The chymotrypsin protease KLK3/PSA is activated from its pro-form after ejaculation. Pro-PSA can be activated to PSA in vitro, by several KLK proteases, including KLK4, KLK5, KLK14, and KLK15 (dashed lines represent in vitro evidence). KLK2 has been shown in vivo to be required for PSA activation in a mouse model. KLK14 may also inactivate PSA and has the ability to directly cleave Semenogelin proteins (as does KLK 5—not shown).

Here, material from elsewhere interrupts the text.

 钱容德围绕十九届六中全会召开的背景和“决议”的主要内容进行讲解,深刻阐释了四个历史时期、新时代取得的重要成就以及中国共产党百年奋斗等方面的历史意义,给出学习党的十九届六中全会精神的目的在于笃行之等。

Seminal clot formation inhibits reactive oxygen species (ROS) production, which is required for sperm capacitation. Degradation of the seminal clot leads to several downstream consequences, including sperm motility for previously trapped sperm, antimicrobial activity of the semen, and may increase HIV infectivity. See text for references.
Semen liquefaction is the end result of a seminal fluid KLK protease cascade. KLKs 2, 3, 4, 5, 8, 11, 12, 14, and 15 are secreted by the prostate (Yousef and Diamandis 2001) and act in a protease cascade initiated by the reduction in Zn2+ concentration that follows mixing of the prostatic fluids with other seminal fluids (Pampalakis and Sotiropoulou 2007). Seminal liquefaction is required to release spermatozoa trapped by the seminal clot, and defects in liquefaction may lead to fertility problems (Lwaleed et al. 2004).

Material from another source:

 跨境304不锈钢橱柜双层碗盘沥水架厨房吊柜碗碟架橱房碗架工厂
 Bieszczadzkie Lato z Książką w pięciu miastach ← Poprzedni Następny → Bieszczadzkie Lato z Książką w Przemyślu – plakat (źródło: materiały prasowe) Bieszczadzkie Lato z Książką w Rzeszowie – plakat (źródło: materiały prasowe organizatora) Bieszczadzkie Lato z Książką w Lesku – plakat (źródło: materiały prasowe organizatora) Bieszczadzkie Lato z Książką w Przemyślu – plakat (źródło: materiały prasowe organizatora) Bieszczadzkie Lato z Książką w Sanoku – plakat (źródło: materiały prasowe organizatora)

Pro-KLK3 (the inactive form of KLK3, also known as prostate-specific antigen, PSA) is ultimately activated by the KLK cascade and directly cleaves the Sg proteins. Activated PSA is subsequently inactivated, in part, by the serine protease inhibitor, protein C inhibitor (PCI) (Suzuki et al. 2007). PCI also forms tertiary structures with the Sg proteins, further contributing to the inactivation of PSA.

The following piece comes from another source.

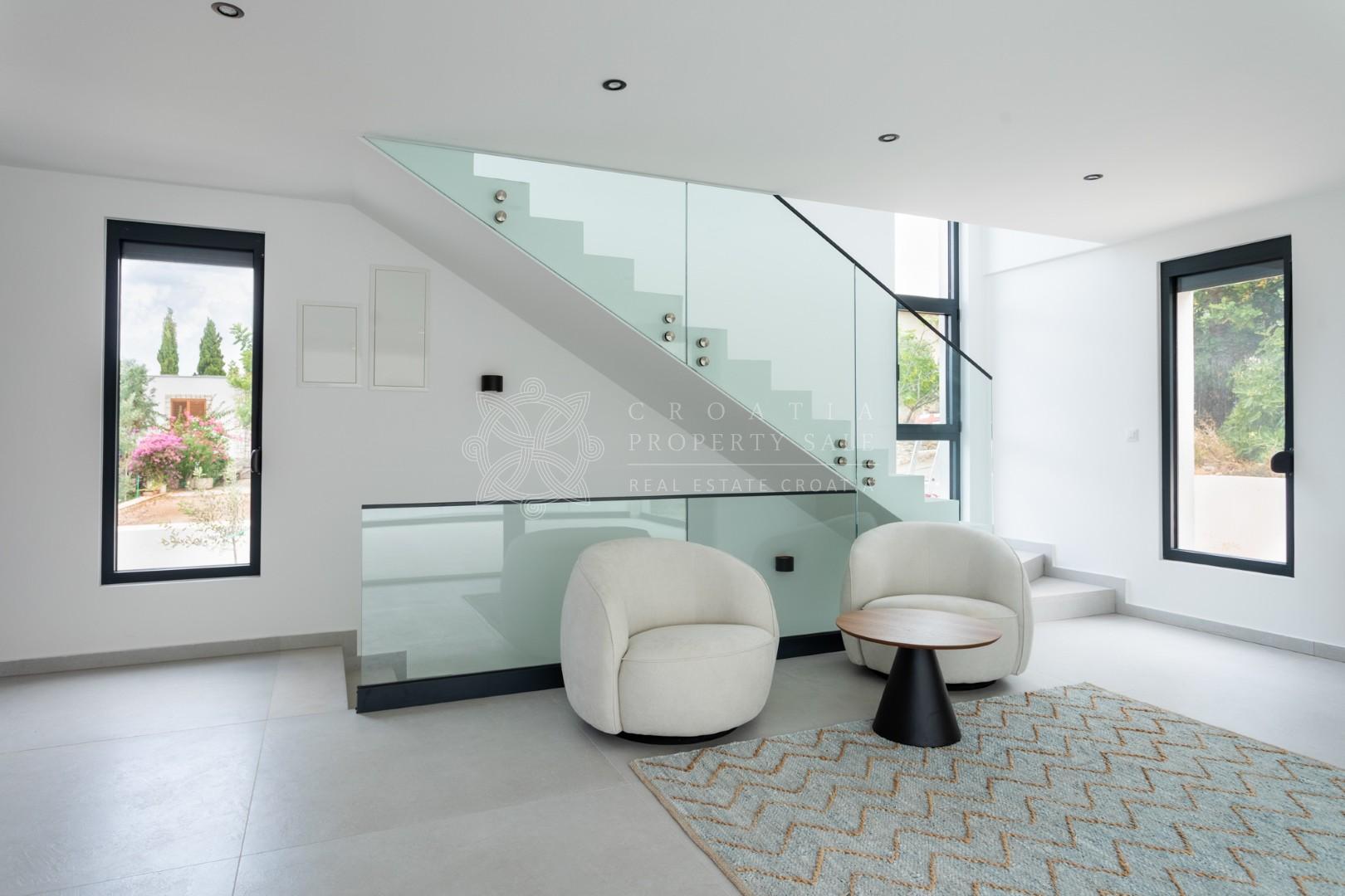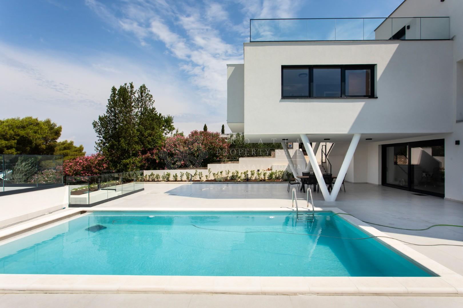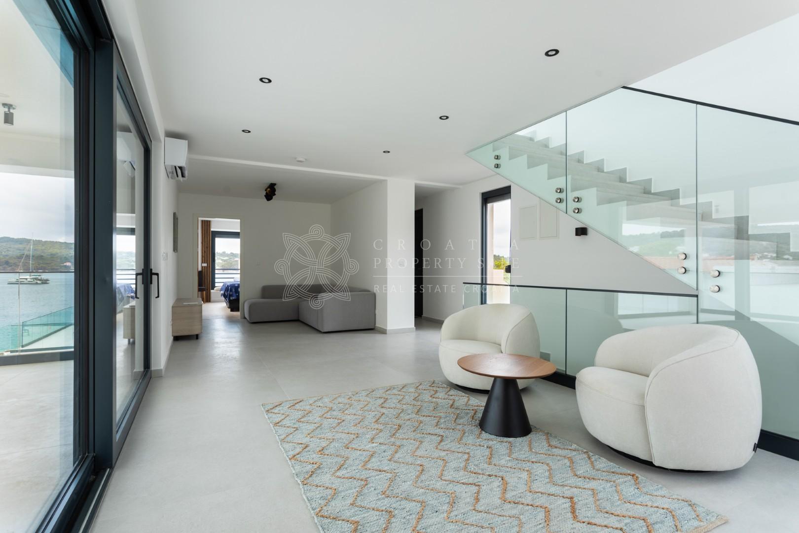 In front of this beautiful villa you can moor your boat, on a free mooring. A beautiful panoramic view of the sea and this beautiful bay extends from all rooms of this newly built villa. The villa is located first row to the sea, oriented to the west, so you can enjoy beautiful sunsets, beautiful colors, while the colors of the sky are reflected in the sea, creating unforgettable moments. There is a pebble beach 30 meters from the villa. You can walk or cycle along this quiet street by the sea, enjoying the beautiful seascape and untouched nature. In a few minutes of walking you are already in nature where there are no houses, so you can walk along well-established paths through nature full of medicinal and fragrant herbs and enjoy an exceptionally beautiful panoramic view of the sea and Split.

Which KLKs are directly responsible for activating PSA is not entirely clear. Williams et al. (Williams et al. 2010) created transgenic mouse lines expressing human PSA and KLK2 in the prostate; these are the only two KLKs without homologs in the mouse (Lundwall and Brattsand 2008). They found that PSA was only active in the mouse prostate when co-expressed with KLK2, suggesting that KLK2 may be important for regulation of PSA activity.
KLK14 has been identified as a potential activator and subsequent inhibitor of PSA (Emami and Diamandis 2008). Addition of active KLK14 to ejaculate samples rapidly and transiently increased chymotrypsin-like activity against a synthetic peptide (which could be attributed to PSA), compared to samples treated with a KLK14-specific inhibitor. Longer incubations showed a reversal of this effect, with greater chymotrypsin-like activity in samples treated with the KLK14 inhibitor relative to those treated with active KLK14 (Emami and Diamandis 2008). Samples treated with active KLK14 also showed greater fragmentation of PSA, suggesting an inhibitory mechanism by internal cleavage. KLK14 can also directly degrade purified SgI and SgII in vitro, complementing the function of PSA. Consistent with this, Emami and Diamandis (2008) found that patients with clinically delayed seminal clot liquefaction also had significantly lower KLK14 expression than normal patients.
Other seminal fluid serine proteases may also be involved in the KLK cascade. For example, the serine protease plasmin (the activated form of plasminogen) is able to activate KLK11 in vitro (Luo et al. 2006). In addition to proteins mentioned above, many of which are also expressed as blood plasma proteins, classic hemostatic factors may also contribute to seminal clotting and liquefaction (Lwaleed et al. 2007; Lwaleed et al. 2004; Lwaleed et al. 2005), including a major role for tissue factor (TF; thromboplastin) (Fernández and Heeb 2007; Lwaleed et al. 2006). Consistent with an important role of TF in seminal fluid, levels of this protein are much higher in semen (average of 21 ng/mL (Fernández and Heeb 2007)) than in blood (average of 85 pg/mL (Fernández et al. 1997)).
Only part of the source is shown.